Data Structure¶
Your data must be structured in a specific way to be used in the package.
Phenology Observation Data¶
Observation data consists of the following
- doy: These are the julian date (1-365) of when a specific phenological event happened.
- site_id: A site identifier for each doy observation
- year: A year identifier for each doy observation
These should be structured in columns in a pandas data.frame, where every row is a single observation. For example the built in vaccinium dataset looks like this:
from pyPhenology import models, utils
observations, temp = utils.load_test_data(name='vaccinium')
obserations.head()
species site_id year doy phenophase
0 vaccinium corymbosum 1 1991 100 371
1 vaccinium corymbosum 1 1991 100 371
2 vaccinium corymbosum 1 1991 104 371
3 vaccinium corymbosum 1 1998 106 371
4 vaccinium corymbosum 1 1998 106 371
There are extra columns here for the species and phenophase, those will be ignored inside the pyPhenology package.
Phenology Environmental Data¶
The majority of the models use only daily mean temperature as a driver.
This is required for for every day of the winter and spring leading up to the phenophase event.
The predictors data.frame
should have the following structure.
- site_id: A site identifier for each location.
- year: The year of the temperature timeseries
- temperature: The observed daily mean temperature in degrees Celcius.

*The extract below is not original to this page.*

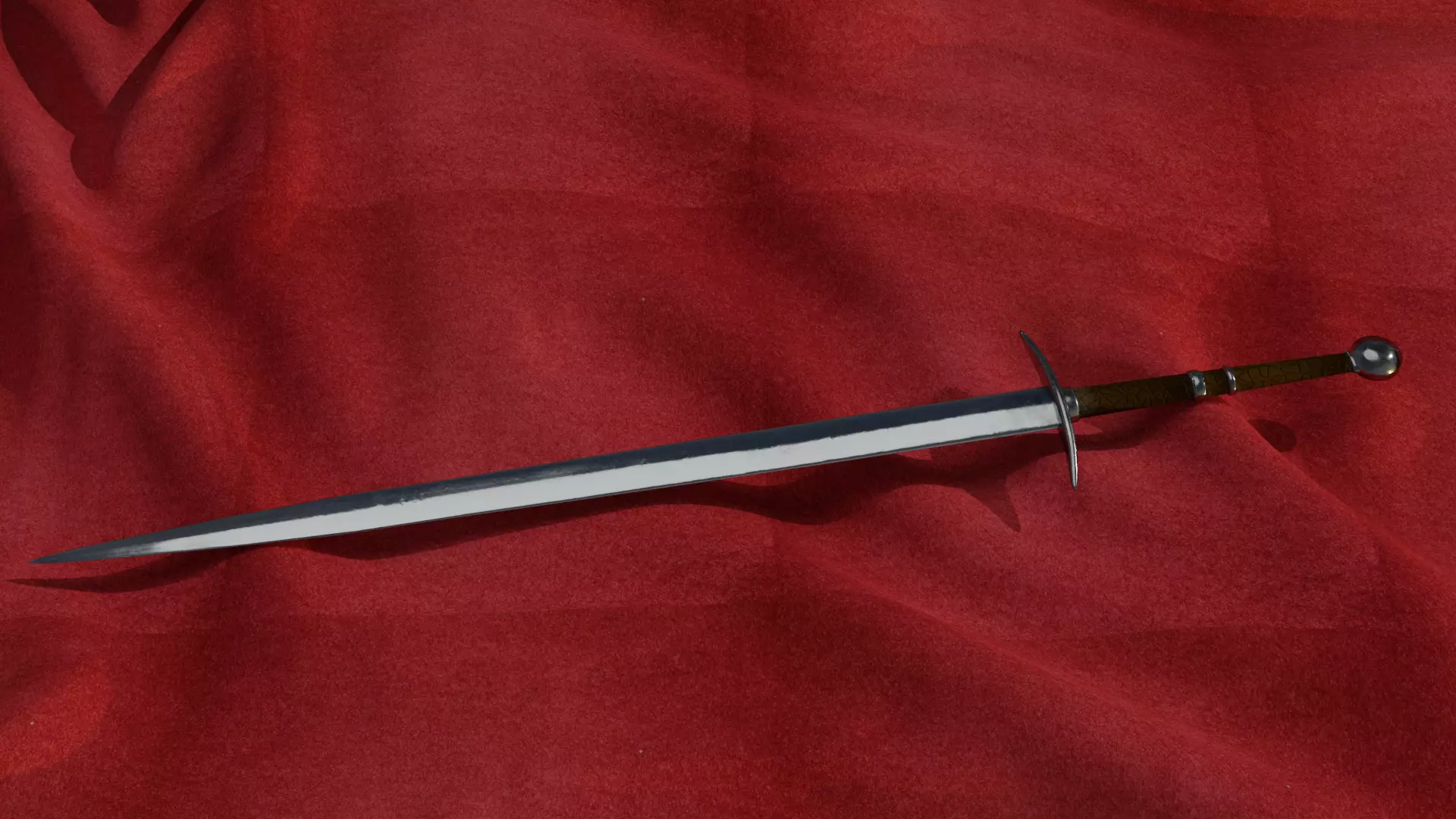 A medieval longsword. 6700 trips and 4k textures: basecolor, normal, height, metallic, roughness. Blender and Substance painter.

- doy: The julian date of the mean temperature
These should columns be in a data.frame
like the observations. The example vaccinium
dataset has temperature observations:
predictors.head()
site_id temperature year doy latitude longitude daylength
0 1 -3.86 1989 0 42.5429 -72.2011 8.94
1 1 -4.71 1989 1 42.5429 -72.2011 8.95
2 1 -1.56 1989 2 42.5429 -72.2011 8.97
3 1 -7.88 1989 3 42.5429 -72.2011 8.98
4 1 -15.24 1989 4 42.5429 -72.2011 9.00
Note than any other columns in the predictors data.frame
besides the ones
used will be ignored.
Currently two other models use other predictors besides daily mean temerature.
The M1
uses daylength as a predictor as well as daily mean temperature.
The predictors data.frame
should thus have a daylength column in addition
to the temperature as shown above.
The Naive
model uses only latitude in it’s calculation and thus requires
a predictors data.frame
with the latitude for every site. For example:
predictors.head()
site_id latitude
0 258 39.184269
1 414 44.277962
2 475 47.027077
3 637 44.340950
4 681 41.296783
On the Julian Date¶
The julian date (usually referenced as DOY for “day of year”) is used throughout the package. This can be negative if referencing something from the prior season. For example consider the following data from the aspen dataset:
predictors.head()
site_id temperature year doy latitude longitude daylength
0 258 6.28 2009 -67 39.184269 -106.854614 10.52
1 414 8.12 2009 -67 44.277962 -70.315315 10.22
2 475 5.30 2009 -67 47.027077 -114.049248 10.04
3 637 8.30 2009 -67 44.340950 -72.461220 10.22
4 681 9.85 2009 -67 41.296783 -105.574600 10.40
The doy
-67 here refers to Oct. 26 for the growing year 2009. Formating dates in
this fashion allows for a continuous range of numbers across years, and is common
in phenology studies.
January 1 will always be DOY 1.
Notes¶
- If you have only a single site, make a “dummy” site_id column set to 1 for both temperature and observation dataframes.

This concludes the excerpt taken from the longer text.